Saturday, August 29, 2009

RESULTS are in

Well the preliminary (99% accurate) results from the CVS are in, and baby has the perfect 46 chromosomes, so no indication of Down's. Thank god! I had a pretty awful day yesterday waiting for the phone call. The test itself was uneventful--other than the fact that it felt like I was being lanced with a spear, but not as painful. It felt wrong, just wrong. But the doctor was great and I'm so thankful to have the answer I was hoping for.

And....

I am having A BOY!!

I had a feeling all along that it would be a boy! Here I'm going to admit something and hopefully never dwell on it again. Yes, deep down I was hoping for a girl. One of the things that drove me to this pregnancy was the desire to re-create the wonderful, loving relationship that I have with my mother. Obviously, having a girl is something familiar, and therefore not quite as scary to me.

Thus hearing the final news (even though I had mother's intuition) that baby is, indeed, a little XY has hit me harder than I expected. I know that this is not how I am supposed to feel! I love him dearly (he was bopping around like a jelly bean on the ultrasound---soooo adorable). But what has surfaced again is a bit more fear than I expected. Can I be a good single mom to a boy? Will it be harder for him to not have a dad than it would be for a girl, and will I know how to shepherd him through those hard times? Will we have the same kind of connection that I've been craving between a mother and a daughter? Does anyone have any answers?? :)

I just need to process this. I haven't had a "him" in my life (besides my cat!) for quite some time! Will I be able to find role models for him? Will he learn how to be a man in our society without a constant male figure around?

And now I also think: will I never have a daughter? I always hoped that I would have a daughter in my life, yet at this point, and under the current circumstances, I don't think I will. There is something to mourn there for me. I feel quite sad, actually.

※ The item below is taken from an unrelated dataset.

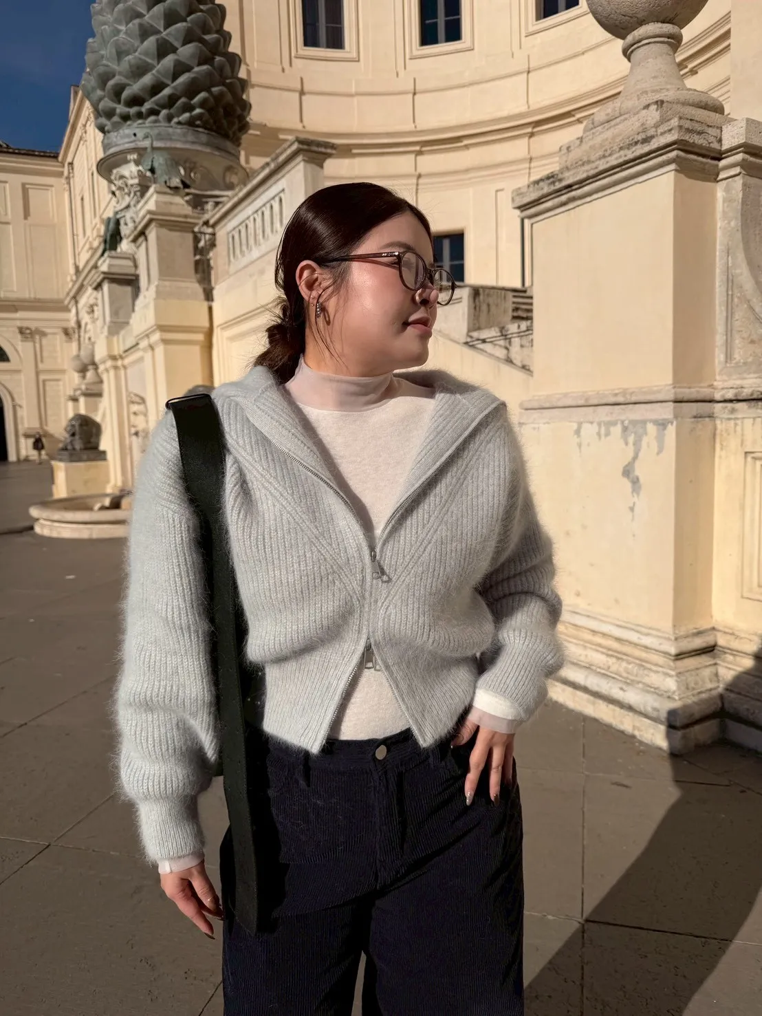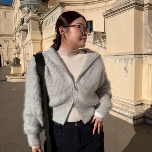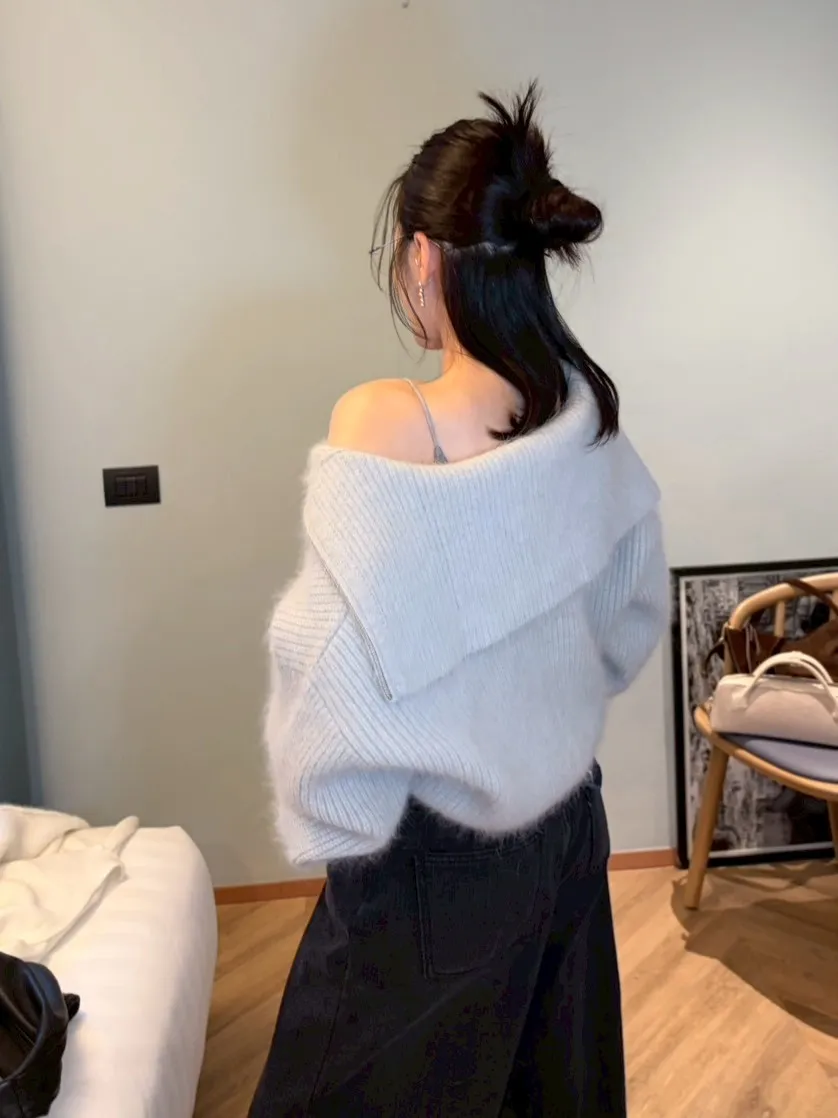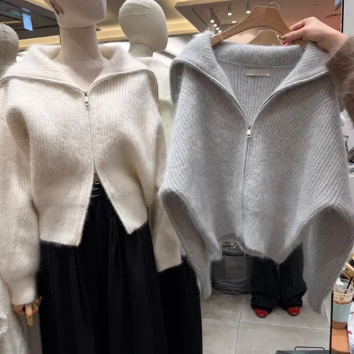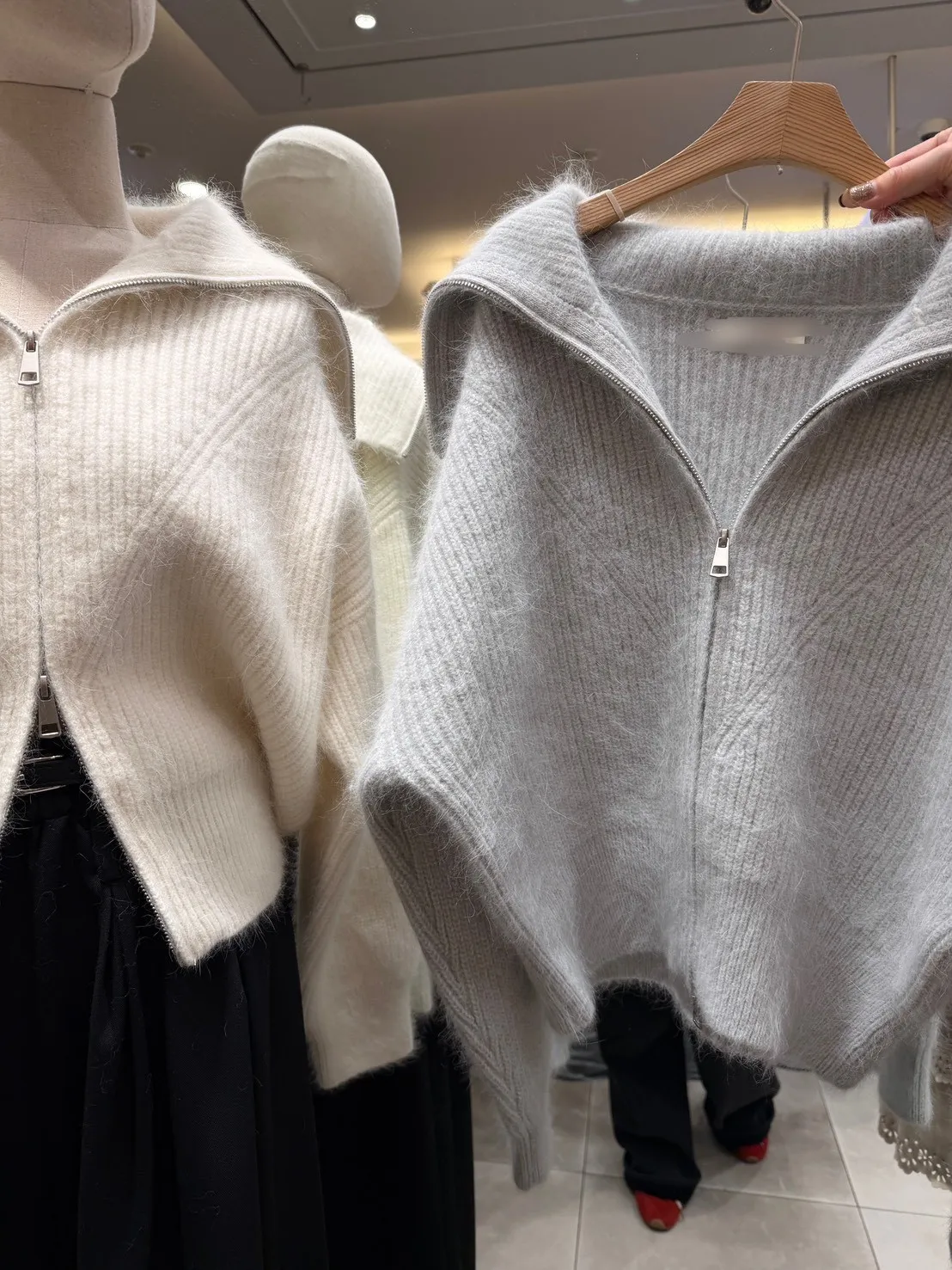 A12041 浣熊毛雙拉鏈翻領毛衣外套

Somehow it feels wrong for me to admit some of these things, but I feel I need to get them out before I can move on with the beautiful life that is growing inside me.

7 comments:

Anonymous said...

How exciting!!! Congratulations! A boy!! Once he's born, you won't give it another thought that He was meant to be. :)

Tanya said...

I had a moment of disappointment when they told me I had a boy... more of a "but I REALLY wanted a girl" moment. He's now two and I wouldn't trade my boy for all the girls in the world. Now that I'm trying for #2... well now I'd love to have another boy.

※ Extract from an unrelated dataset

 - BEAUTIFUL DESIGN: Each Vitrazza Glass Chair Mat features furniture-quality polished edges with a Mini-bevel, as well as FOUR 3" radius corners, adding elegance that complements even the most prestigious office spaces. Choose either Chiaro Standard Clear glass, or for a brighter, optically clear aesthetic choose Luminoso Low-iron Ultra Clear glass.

I think it's totally normal to have a preferrence but that most people just won't admit they did.

Heather said...

Congratulations on having a BOY! My friends who are parents of both boys and girls are very adamant that boys are so much "easier". But I'm in the same place that you were/are...I'm hoping for a girl because boys are that much more mysterious to me. I don't "get" boys. So it'll be just my luck that I'll have a boy, too! Now I wish I could have CVS done just so I can find out the gender--obviously not the right reason, LOL! I have several more weeks to wait. My cousin has two amazing boys whom I just adore...you're in for SO much fun!

Dresden said...

woooo!! congrats!!
& the feelings that are bubbling up?? totally similar to what I felt earlier. I was so glad to know as soon as I did that W had boy bits because I was able to start visualizing my life with a son.
so glad everything is looking good in there!!!

cmay said...

OMGosh. You are SO me...6 plus years ago. I felt the SAME things you describe. I felt I was being totally middle of the road before I found out I was having a boy, but it took a good day or two of shock and, yes, greiving before I began to accept having a boy. And, even the first few months too. In fact, after he was born I was continually surprised that those testicles et al didn't fall off yet! I still wish I had a girl, especially when I walk through the kids clothing departments, but I SO love my boy. You will have a special bond with your son. And you will also find great male role models along the way for your son to watch, bond and model after. It will all turn out. Don't feel guilty for your girl wishes. It's an absolute natural response--I don't know many women who DON'T feel these same feelings. Including remorse over the pregnancy itself, even when you tried on PURPOSE to get pregnant.
And CONGRATULATIONS on your boy!!!

Dora said...

Congrats on your boy! I think I might be unusual as an SMC in that I was kind of hoping for a boy. I know most of it is because of my difficult relationship with my mother, so it's reassuring to read about other women who have close relationships with their moms.

As far as raising a boy without a father, well first of all, just because we're single now, it doesn't necessarily mean we'll be single forever. And there is actually research that says men raised by single mom's do just fine. I think our president would agree. Here's an article about it.

Meg said...

I so get the wising for a girl. I know that I will be a little sad if mine turns out to be a boy. I also know that boys are wonderful and once you get used to the idea and he gets here you won't be able to imagine it any other way! I have two nephews that I wouldn't trade for all the frilly dresses in the world.

I say don't worry too much about male role models because it's much more important to have positive people role models!